There is no question that fall is officially here. As an October baby and with the help of Wisconsin’s weather I was ready to throw on sweaters over my short shorts about the last week of August. And have had more pumpkin spice lattes already this month than most people will have in their lifetime. In fact, I’m drinking one now as I type. Another undisputable fact is that fall is the most basic season.
I have always taken “Basic” as a compliment. To me it simply means I am a super girly girl. I love UGGs and will wear them before summer even ends. I quote “Mean Girls” and “Legally Blonde” way too much. My nerd of a boyfriend said even if I was in a pool of lemon juice I would still be the most basic person he knew. At recruitment during one of our many ice breakers I said if I had to change my name I would pick Serena or Blair after my two of my favorite female role models. In the fall, being Basic/girly girl takes a whole new level. Pumpkin spice runs through their veins, they line up to pick apples and paint pumpkins in their perfectly coordinated sweater and equestrian boot looks.
Another getting to know you activity at recruitment was to show we are “individually unique, together complete”. This included thinking of things that were unique to us and things only our small group shared (but essentially just anything anyone in the room shared as a group of basic undergrad millennials). This is where I experienced what I can only describe as a total identity crisis. I had to lie and agree that I too shared something that all basic girls, but me, had.

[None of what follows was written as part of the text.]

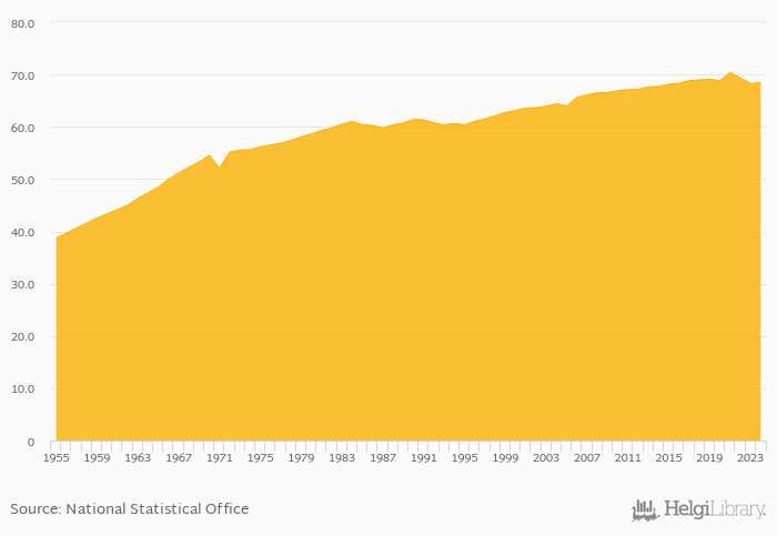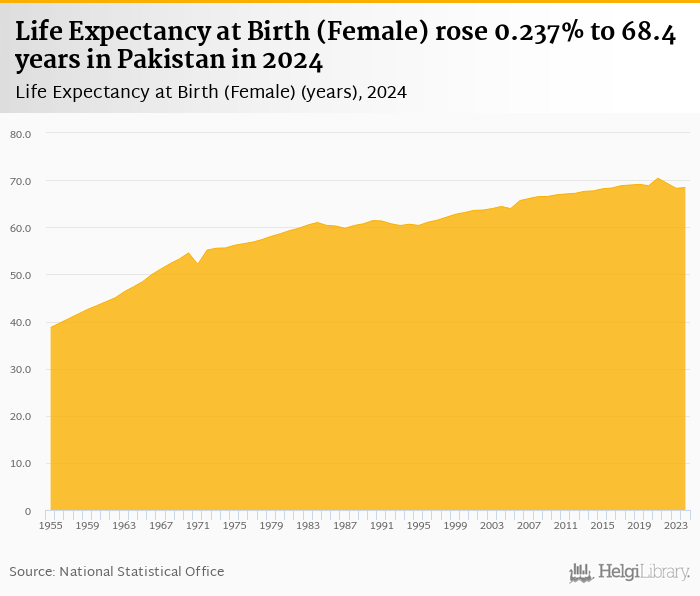 Life expectancy for females rose 0.237% to 68.4 years in Pakistan in 2024, according to the National Statistical Office.

There has been a trend that has exploded into popularity recently and is now a staple for basic girls everywhere. I tried to deny its existence and get over the shock that I could be in the minority of it. I almost became angry with myself and lonely that there were few others that felt the same.Â
I’m talking about Birkenstocks of course. They have become the go-to shoes for basic girls everywhere from spring break to Halloween. When I hear birks I think Hermes Birkin bags, not the comfy sandal worn formerly just for orthopedic purposes. Birkenstocks have become a staple for basic girl uniforms from class to hungover brunch. I am confused every day how I can seem to be the only one that thinks Birkenstocks are kind of ugly and most of the time girls let them get dirty and smelly with no attempt to hide it.
I am 100% flats and converse team. I would wear my thigh-high equestrian boots in the middle of July if my only other option was to slide into a pair of Birks.

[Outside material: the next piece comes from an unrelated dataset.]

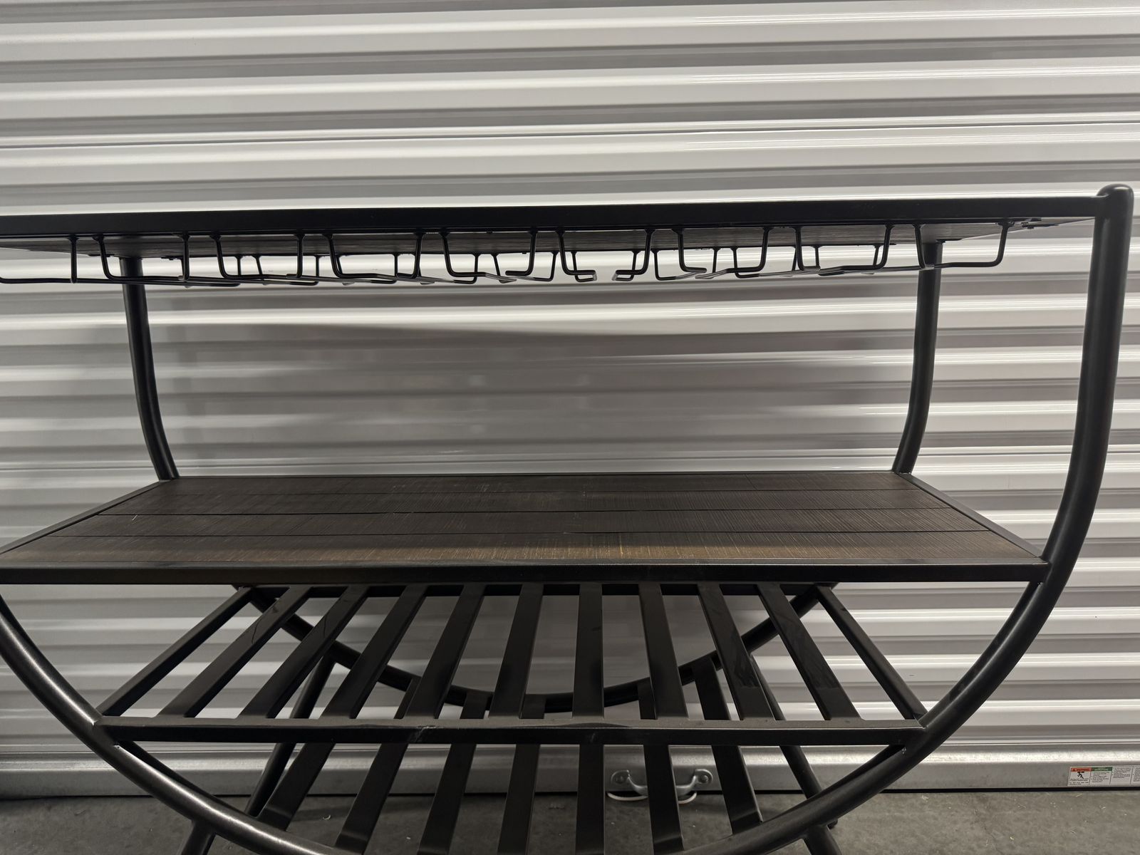 Features: Built-in wine glass holder under the top shelf Slatted middle shelf for wine bottles Bottom shelf for additional bottle storage Durable metal frame with rustic wood shelves Compact size but holds multiple bottles and glasses

So, this is my public apology. I lied I don’t like Birkenstocks. In fact, I really don’t like them.
Do I need to give up stars on my Starbucks Gold Card for my lack of orthopedically inspired shoes made of Bikro-Flor (a Birkenstock trademark combination of fleece and PVC) and cork? I don’t know that I will ever get to the acceptance stage over Birkenstocks, but feel comfort in the fact that winter is coming… and with that exclusively UGGs season.